=== DATA SECTION ===
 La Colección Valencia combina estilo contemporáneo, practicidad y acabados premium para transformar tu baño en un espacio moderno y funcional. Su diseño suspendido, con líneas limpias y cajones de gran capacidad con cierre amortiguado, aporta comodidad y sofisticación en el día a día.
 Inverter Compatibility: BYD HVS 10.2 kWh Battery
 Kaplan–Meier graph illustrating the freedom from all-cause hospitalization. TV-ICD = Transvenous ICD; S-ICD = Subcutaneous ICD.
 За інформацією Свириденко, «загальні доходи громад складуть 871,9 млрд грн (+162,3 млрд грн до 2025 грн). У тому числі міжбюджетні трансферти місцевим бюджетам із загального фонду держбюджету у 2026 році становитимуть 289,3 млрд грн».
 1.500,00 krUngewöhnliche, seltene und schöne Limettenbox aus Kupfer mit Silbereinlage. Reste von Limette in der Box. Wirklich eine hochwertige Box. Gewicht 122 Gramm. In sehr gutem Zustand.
--
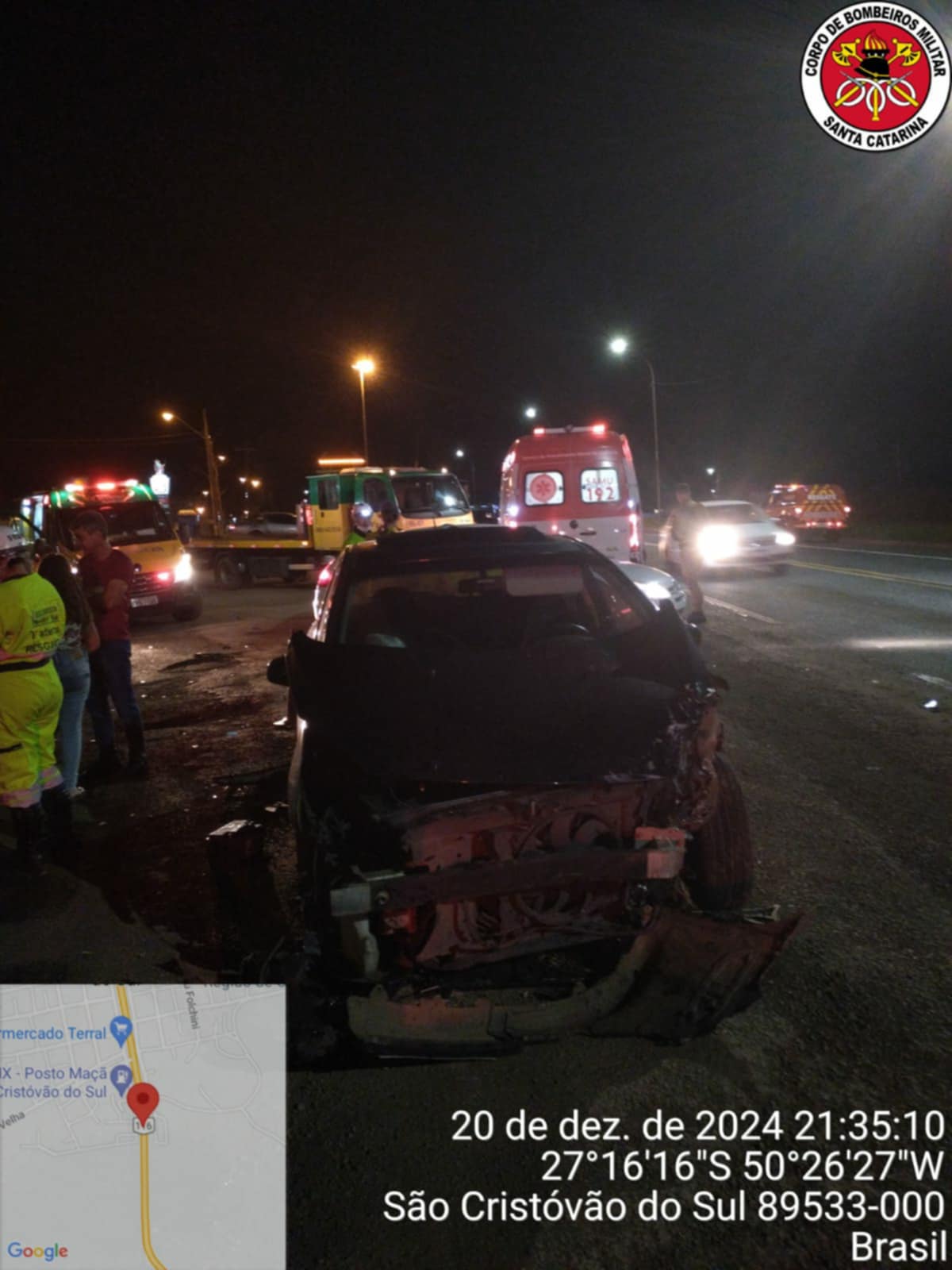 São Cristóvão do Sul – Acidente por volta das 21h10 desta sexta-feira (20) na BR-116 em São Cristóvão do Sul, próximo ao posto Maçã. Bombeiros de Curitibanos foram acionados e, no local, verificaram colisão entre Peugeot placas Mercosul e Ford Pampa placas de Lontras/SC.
...
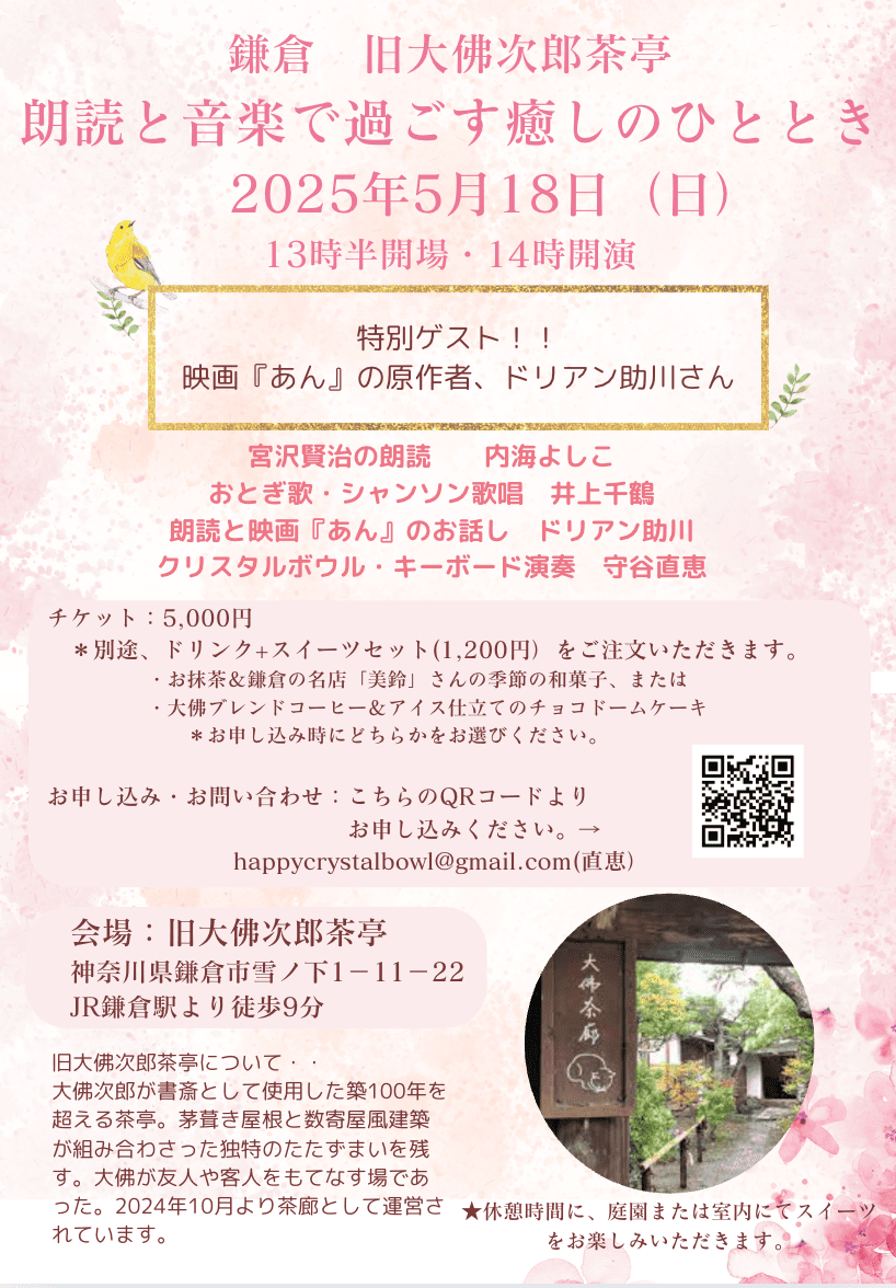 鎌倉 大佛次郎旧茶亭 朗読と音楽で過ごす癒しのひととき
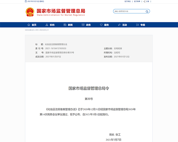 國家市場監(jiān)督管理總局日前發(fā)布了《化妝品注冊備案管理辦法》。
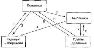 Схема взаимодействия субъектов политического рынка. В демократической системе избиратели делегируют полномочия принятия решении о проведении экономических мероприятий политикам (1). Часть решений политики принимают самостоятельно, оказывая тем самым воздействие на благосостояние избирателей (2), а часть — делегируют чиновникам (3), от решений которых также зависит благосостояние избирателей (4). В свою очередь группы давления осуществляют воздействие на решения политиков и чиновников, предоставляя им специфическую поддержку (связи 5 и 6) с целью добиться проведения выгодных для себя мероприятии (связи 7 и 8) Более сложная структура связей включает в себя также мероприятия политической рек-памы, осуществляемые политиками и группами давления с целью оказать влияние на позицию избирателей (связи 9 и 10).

=== TASK DETAILS ===
Your task is to retype the entries verbatim, starting with the line that holds "La Colección Valencia" and stopping after the line that holds "1.500,00 krUngewöhnliche, seltene".

=== RESPONSE TO THE EXERCISE ===
 La Colección Valencia combina estilo contemporáneo, practicidad y acabados premium para transformar tu baño en un espacio moderno y funcional. Su diseño suspendido, con líneas limpias y cajones de gran capacidad con cierre amortiguado, aporta comodidad y sofisticación en el día a día.
 Inverter Compatibility: BYD HVS 10.2 kWh Battery
 Kaplan–Meier graph illustrating the freedom from all-cause hospitalization. TV-ICD = Transvenous ICD; S-ICD = Subcutaneous ICD.
 За інформацією Свириденко, «загальні доходи громад складуть 871,9 млрд грн (+162,3 млрд грн до 2025 грн). У тому числі міжбюджетні трансферти місцевим бюджетам із загального фонду держбюджету у 2026 році становитимуть 289,3 млрд грн».
 1.500,00 krUngewöhnliche, seltene und schöne Limettenbox aus Kupfer mit Silbereinlage. Reste von Limette in der Box. Wirklich eine hochwertige Box. Gewicht 122 Gramm. In sehr gutem Zustand.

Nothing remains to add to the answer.